В этот сезон я долго в Судаке не задержался. Во-первых, соскучился по Гале. Во-вторых, в конце лета должна была состояться спартакиада народов СССР, где я должен был участвовать в выступлениях гимнастов на ее торжественном открытии. Поэтому мы с приятелем вылетели вскоре в Москву, оставив мотоцикл на зиму у знакомых. За месяц до спартакиады меня забрали на сборы по подготовке к ней. Мы жили в гостинице «Золотой колос» на полном пансионе и репетировали свои выступления на площади около скульптуры Мухиной «Рабочий и колхозница». Мне удалось достать два пригласительных билета на первый день открытия, и Галочка с подругой получили удовольствие от этого феерического зрелища.

1959 – 1960 гг.

Институт. Женитьба. Приработки. Снова Судак. «Чертов мостик».

Сердоликовая бухта.

Начались занятия в институте. Если первый курс прошел у нас в здании бывшего медицинского факультета МГУ на Моховой, то второй и последующие мы учились уже на Пироговке, где широко раскинулся целый квартал факультетов и клиник нашего института.

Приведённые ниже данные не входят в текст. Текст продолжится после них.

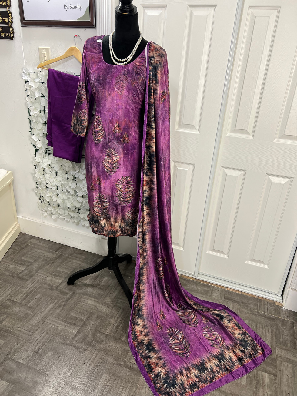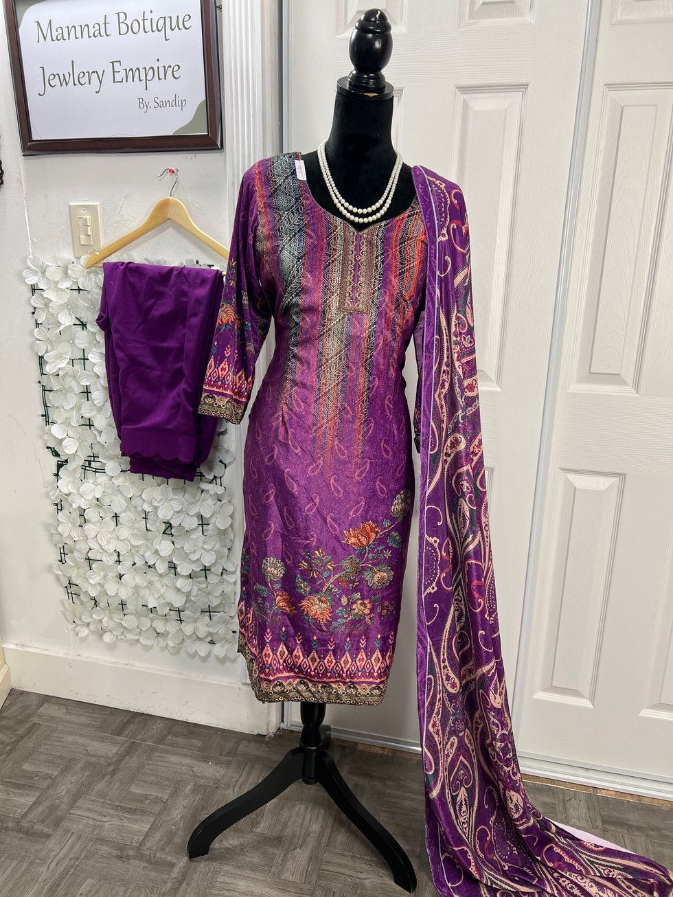 Indulge in the luxurious elegance of Mannat Boutique's Purple Velvet Print Salwar Suit code 044p. This stunning ensemble features a pure velvet print shirt paired with a plain pashmina shawl salwar, fully stitched with a comfortable lining. Perfect for any formal occasion, this meticulously crafted outfit showcases our dedication to quality and elegance. Elevate your wardrobe with this unique and stylish Indian outfit, embodying the rich tradition and modern sophistication Mannat Boutique is known for.

Я стал получать стипендию 35 рублей в месяц и подрабатывать в институте медицинской информации, переводя и реферируя, научные статьи с немецкого языка на русский.

Новый год мы встретили вдвоем с Галей в ресторане «Ленинградский». Гале после школы не удалось пройти конкурс в МАИ, и она пошла работать в один из закрытых институтов чертежником.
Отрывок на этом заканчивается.